PROBLEM TO SOLVE. For this exercise, copy exactly the lines below from the one with "(一)11 月 16 日(星期六):辦理名師開講、有獎徵答、藥膳養身飲及中藥蔬果汁試喝、中藥相關趣味闖關等活動。" through the one with "첫 주에 열심히 Shell" and leave out the pictures.

RECORDS FOR THIS TASK.
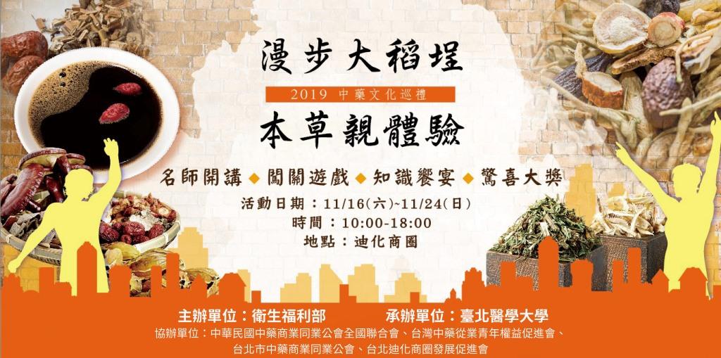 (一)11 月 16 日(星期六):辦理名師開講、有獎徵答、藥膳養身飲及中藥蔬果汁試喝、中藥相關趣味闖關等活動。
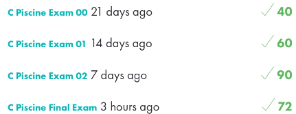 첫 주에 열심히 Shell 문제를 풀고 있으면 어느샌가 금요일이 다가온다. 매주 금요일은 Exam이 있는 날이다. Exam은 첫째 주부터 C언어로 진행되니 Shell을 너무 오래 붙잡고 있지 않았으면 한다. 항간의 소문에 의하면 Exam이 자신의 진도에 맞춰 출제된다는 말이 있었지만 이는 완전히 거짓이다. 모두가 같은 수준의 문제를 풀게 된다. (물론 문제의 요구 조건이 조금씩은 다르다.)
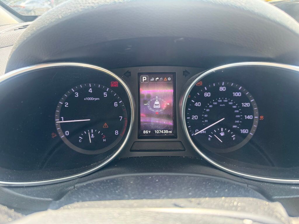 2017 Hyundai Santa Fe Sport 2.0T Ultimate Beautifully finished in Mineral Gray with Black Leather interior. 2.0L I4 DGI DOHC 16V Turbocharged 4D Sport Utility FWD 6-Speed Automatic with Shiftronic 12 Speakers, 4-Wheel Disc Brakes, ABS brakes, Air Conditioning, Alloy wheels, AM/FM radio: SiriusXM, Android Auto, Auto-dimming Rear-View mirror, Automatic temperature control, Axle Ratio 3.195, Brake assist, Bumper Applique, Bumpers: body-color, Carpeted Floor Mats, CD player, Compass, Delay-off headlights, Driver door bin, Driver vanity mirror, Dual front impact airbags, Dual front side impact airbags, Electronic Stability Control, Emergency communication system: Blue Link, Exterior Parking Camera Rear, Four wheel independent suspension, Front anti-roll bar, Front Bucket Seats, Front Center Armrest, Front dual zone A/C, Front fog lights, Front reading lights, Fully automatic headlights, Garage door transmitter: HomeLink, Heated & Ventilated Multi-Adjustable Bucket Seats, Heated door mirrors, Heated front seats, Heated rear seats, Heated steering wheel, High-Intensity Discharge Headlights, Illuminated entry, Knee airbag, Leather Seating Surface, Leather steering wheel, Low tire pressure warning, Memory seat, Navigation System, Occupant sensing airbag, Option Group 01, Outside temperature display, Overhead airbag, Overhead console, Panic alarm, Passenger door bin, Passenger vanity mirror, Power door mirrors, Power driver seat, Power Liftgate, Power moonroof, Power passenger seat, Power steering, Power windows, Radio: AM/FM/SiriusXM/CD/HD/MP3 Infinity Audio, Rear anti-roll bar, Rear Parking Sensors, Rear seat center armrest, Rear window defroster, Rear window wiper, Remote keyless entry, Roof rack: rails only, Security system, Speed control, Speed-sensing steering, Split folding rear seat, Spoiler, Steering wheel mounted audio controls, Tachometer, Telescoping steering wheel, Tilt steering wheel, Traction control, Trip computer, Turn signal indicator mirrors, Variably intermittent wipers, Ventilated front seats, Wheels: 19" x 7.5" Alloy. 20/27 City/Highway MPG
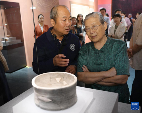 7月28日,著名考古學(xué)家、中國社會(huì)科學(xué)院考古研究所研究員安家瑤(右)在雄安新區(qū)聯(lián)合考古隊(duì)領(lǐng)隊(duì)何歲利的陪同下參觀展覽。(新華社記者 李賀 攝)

--

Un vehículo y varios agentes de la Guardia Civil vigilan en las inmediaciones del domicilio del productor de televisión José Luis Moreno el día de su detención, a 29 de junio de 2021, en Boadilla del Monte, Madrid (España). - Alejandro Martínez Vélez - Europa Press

--

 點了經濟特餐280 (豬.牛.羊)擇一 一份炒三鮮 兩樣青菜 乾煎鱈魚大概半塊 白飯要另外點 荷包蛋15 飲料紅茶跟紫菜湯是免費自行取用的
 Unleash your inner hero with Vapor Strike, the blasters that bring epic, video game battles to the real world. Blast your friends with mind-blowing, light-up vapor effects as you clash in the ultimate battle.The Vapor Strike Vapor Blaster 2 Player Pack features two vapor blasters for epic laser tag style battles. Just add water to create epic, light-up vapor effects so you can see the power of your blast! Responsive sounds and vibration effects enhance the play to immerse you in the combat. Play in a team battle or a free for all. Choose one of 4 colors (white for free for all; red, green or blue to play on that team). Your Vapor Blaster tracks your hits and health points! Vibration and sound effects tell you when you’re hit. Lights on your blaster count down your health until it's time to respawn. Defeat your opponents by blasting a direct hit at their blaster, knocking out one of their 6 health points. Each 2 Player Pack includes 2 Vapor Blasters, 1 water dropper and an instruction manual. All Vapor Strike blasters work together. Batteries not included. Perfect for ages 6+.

TASK RESPONSE.
 (一)11 月 16 日(星期六):辦理名師開講、有獎徵答、藥膳養身飲及中藥蔬果汁試喝、中藥相關趣味闖關等活動。
 첫 주에 열심히 Shell 문제를 풀고 있으면 어느샌가 금요일이 다가온다. 매주 금요일은 Exam이 있는 날이다. Exam은 첫째 주부터 C언어로 진행되니 Shell을 너무 오래 붙잡고 있지 않았으면 한다. 항간의 소문에 의하면 Exam이 자신의 진도에 맞춰 출제된다는 말이 있었지만 이는 완전히 거짓이다. 모두가 같은 수준의 문제를 풀게 된다. (물론 문제의 요구 조건이 조금씩은 다르다.)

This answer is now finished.